Personal information
- Born: 22 April 1989 (age 37) Auckland, New Zealand
- Height: 1.80 m (5 ft 11 in)
- Weight: 73 kg (161 lb)

Sport
- Sport: Field hockey
- Position: Midfielder/Defender
- Club: Hauraki Mavericks

National team
- Years: Team / Caps / Goals
- 2009–2020: New Zealand / 287 / -

Medal record
Representing New Zealand
Commonwealth Games
| Bronze medal – third place | 2010 Delhi | Team |
| Silver medal – second place | 2018 Gold Coast | Team |
Oceania Cup
| Silver medal – second place | 2013 Stratford |  |
| Silver medal – second place | 2017 Sydney |  |
| Silver medal – second place | 2019 Rockhampton |  |

= Arun Panchia =

New Zealand field hockey player

Arun Peter Panchia (born 22 April 1989) is a former New Zealand field hockey player. He earned his first cap for the New Zealand men's national field hockey team in 2009 against Pakistan and retired from international hockey in 2020.

== Playing career ==
Panchia's career spanned over eleven years amassing 287 international caps over his career, retiring as the fifth highest capped Men's Black Sticks player of all time. Panchia competed at the 2016 Summer Olympics in Rio de Janeiro, where the team finished seventh. He also competed at three Commonwealth Games and three Hockey World Cups, winning two Commonwealth Games medals, earning bronze at the 2010 Commonwealth Games in Delhi and silver at the 2018 Commonwealth Games in Gold Coast.

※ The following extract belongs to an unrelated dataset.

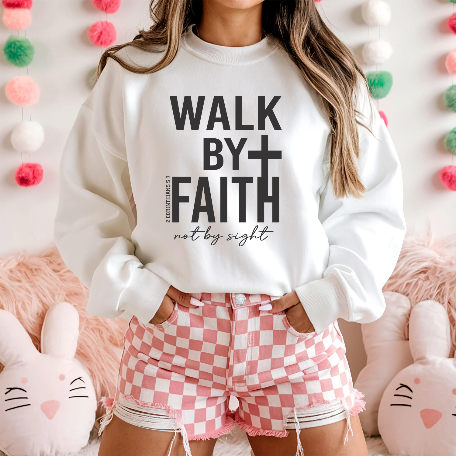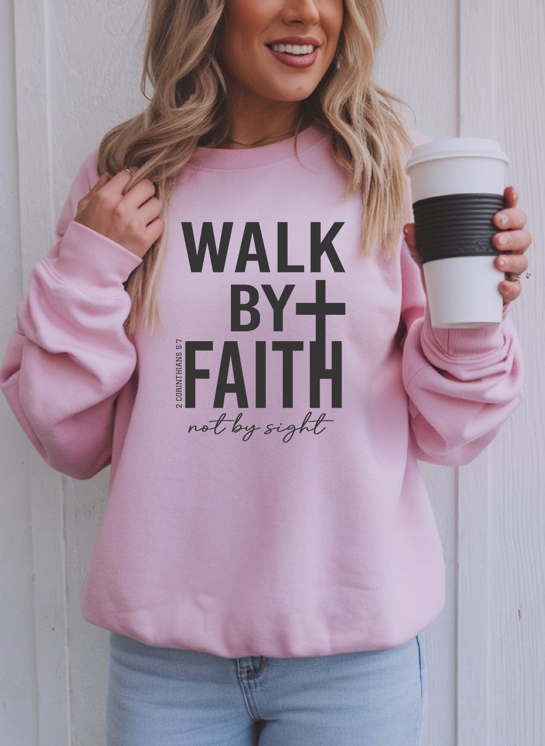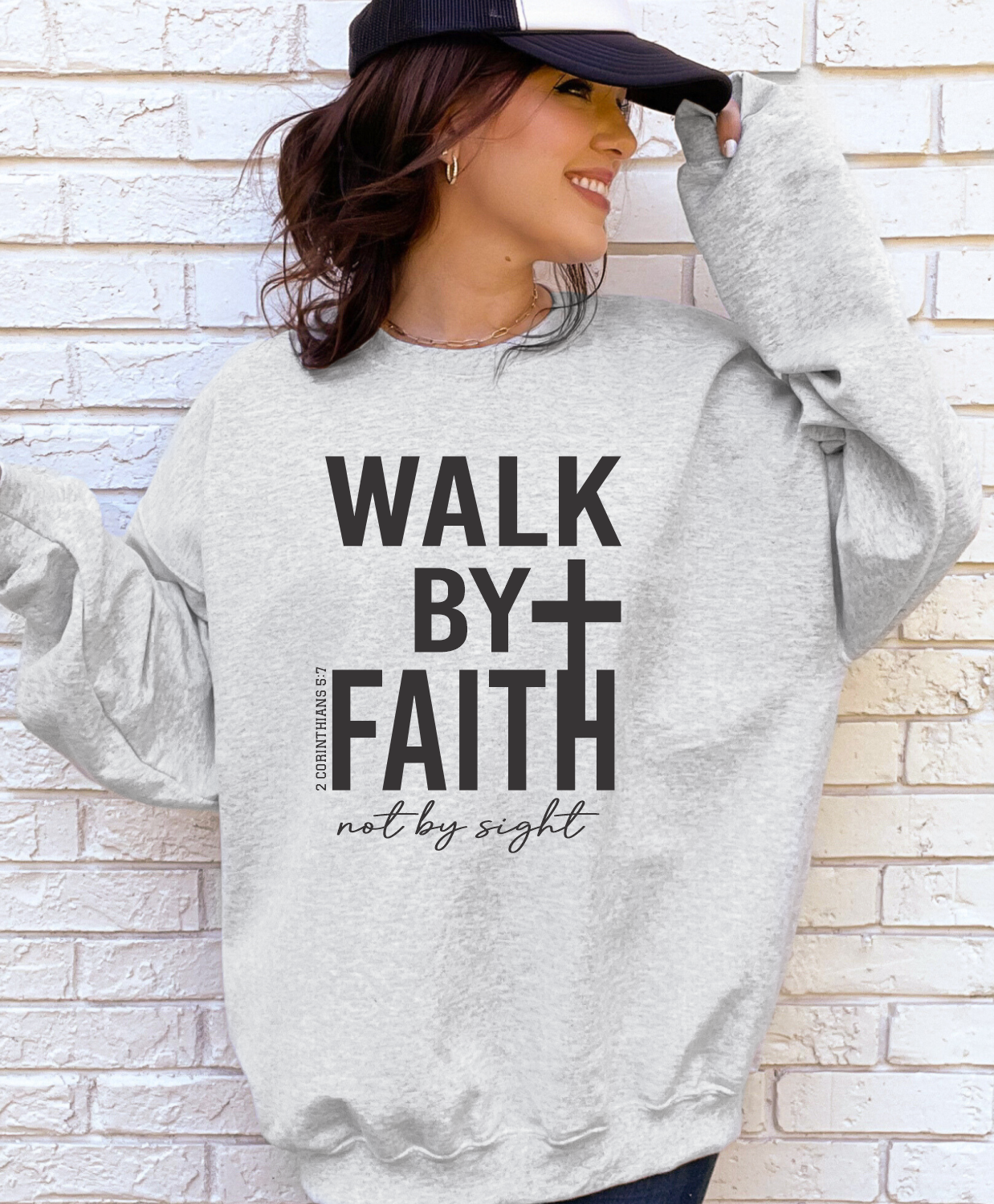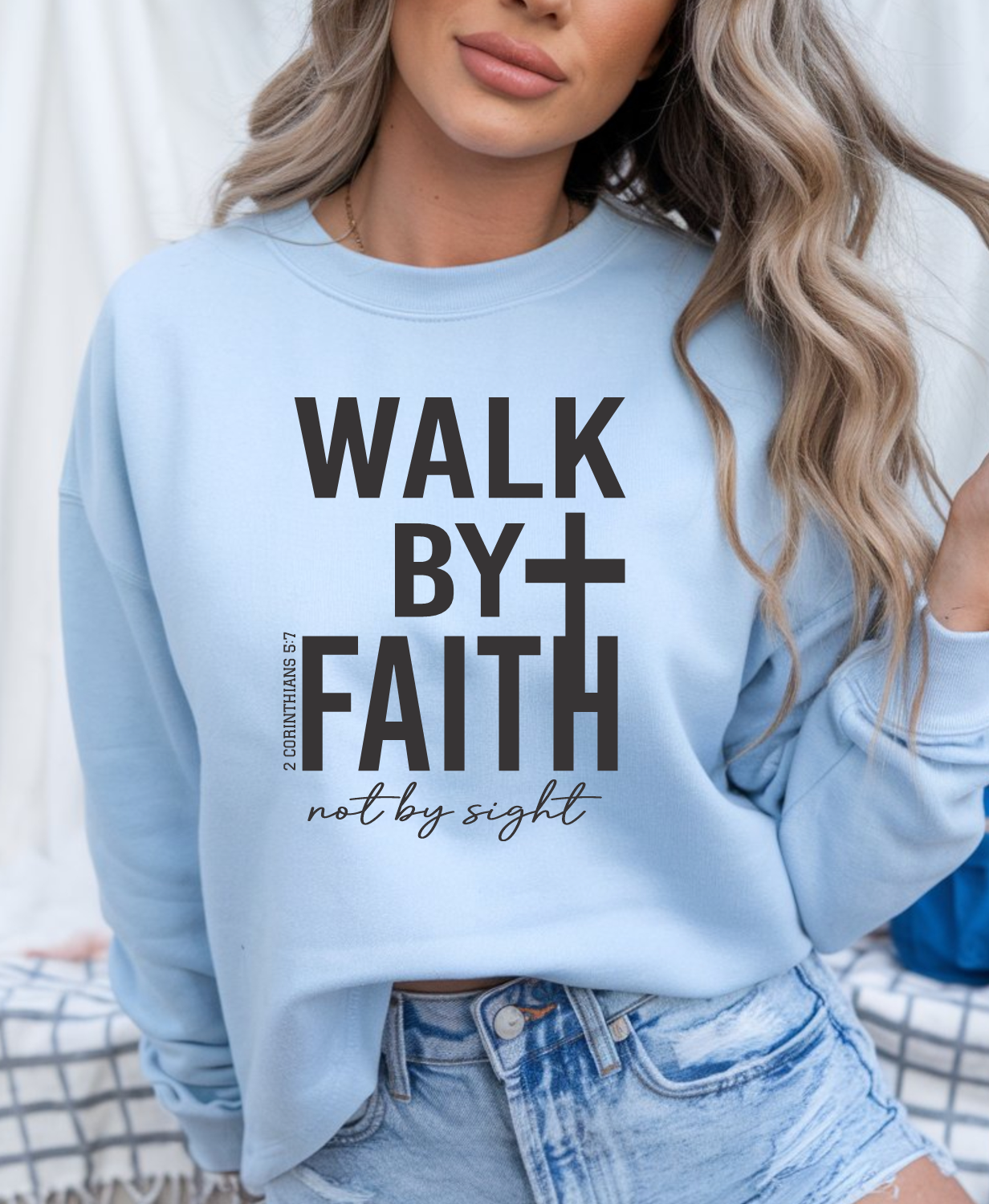 Walk By Faith Crew Neck Sweatshirt, Faith Based Sweatshirt

Panchia plays as a defensive midfielder for Auckland in the New Zealand National Hockey League and played in the Netherlands for a season at SCHC. Due to his commitments to the national team, Panchia returned to New Zealand missing the second half of the season.

== Personal life ==
Panchia was born on 22 April 1989 in Auckland to Peter and Ramila Panchia. Both his parents played field hockey at local level. Panchia's siblings are also field hockey players; he is the eldest of four who have played representative hockey. Jared Panchia, represented the national team and Daniel Panchia has represented the national junior team. He has a younger sister, Anjali, who has also taken up the sport. The Panchia family have Gujarati ancestry, with Panchia's great-grandfather emigrating from India to New Zealand in the 1920s.